Estorcevano alla loro vittima una somma settimanale per non essere picchiato. Una sorta di “pizzo” per evitare violenze fisiche. Non si tratta di criminali di professione. Gli estorsori sono due ragazzi di 15 anni che sono stati arrestati dai carabinieri della stazione di Rivara in collaborazione con i colleghi della Compagnia di Chivasso. I due minorenni sono residenti in Canavese. Vittima un coetaneo residente a Rivara che, per tre mesi, ha dovuto sottostare all’odiosa scelta: pagare o essere picchiato. Lo studente avrebbe consegnato ai suoi persecutori la somma complessiva di duemilacinquecento euro.

Ma non è tutto: quando il ragazzo non è più stato in grado di pagare è stata minacciata e invitata a spacciare hashish in modo da poter continuare a pagare la quota mensile per essere protetto.
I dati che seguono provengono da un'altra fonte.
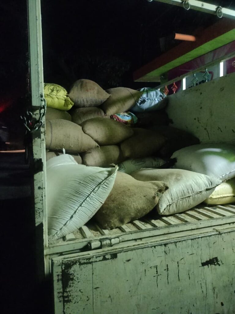 मौके पर पिकअप वाहन में 70 कट्टी धान परिवहन हेतु लोड पाया गया तथा प्रोपराइटर मनोज किराना स्टोर, नूनेरा के गोदाम में 120 कट्टी धान अवैध रूप से भंडारित पाया गया। कुल 190 कट्टी (लगभग 82 क्विंटल) धान जप्त करते हुए गोदाम को सील कर विधिवत सुपुर्द किया गया।
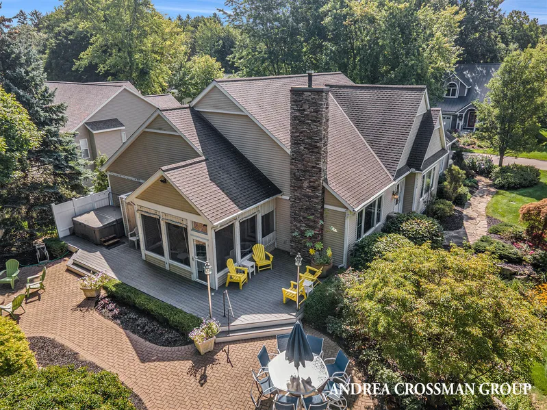 Nestled in a serene location on a deep lot this Lake Michigan home offers 33 ft. of private Lake Michigan frontage with a viewing deck. With main floor living and a finished lower level featuring three additional bedrooms, this ranch-style design caters to both relaxation and entertaining. The gourmet kitchen includes a center island, raised snack bar, and a pantry. An expansive outdoor entertaining area is complete with an outdoor kitchen area, hot tub, outdoor shower, and fire pit gathering area. A three season room and greenhouse offers endless potential, ready to suit your preferences. Sellers potentially contributing $25,000 for new beach stairs. Don't miss the opportunity to make this lakeside retreat yours today! There is no HOA. Private road and neighbors share in cost of plowing and maintenance.
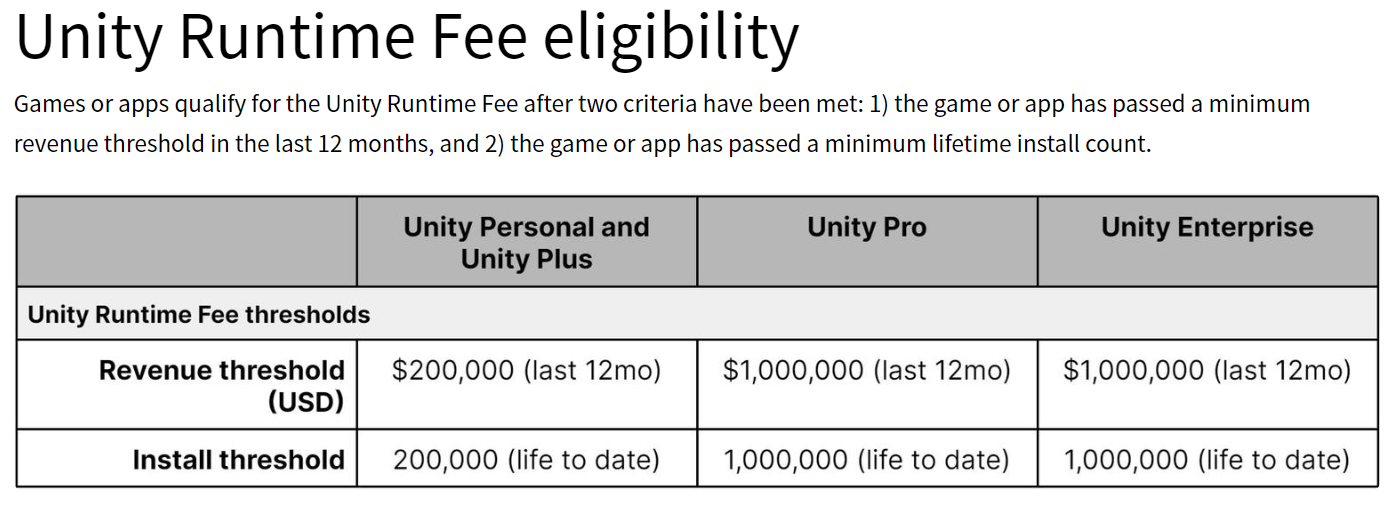 간단하게 이야기하면, 유니티 엔진으로 제작한 영리 활동을 하는 애플리케이션에 대해 설치당 요금을 매기겠다는 뜻이 된다.

Secondo quanto hanno stabilito i carabinieri la consegna del denaro è sempre avvenuta a Caluso, nelle vicinanze della scuola frequentata dai tre minorenni. E’ stato il ragazzo “vessato” a presentare denuncia ai carabinieri che hanno fatto scattare le manette ai polsi degli esori colti in flagranza di reato mentre ricevevano il denaro. Adesso si trovano agli arresti domiciliari.

Dov'è successo?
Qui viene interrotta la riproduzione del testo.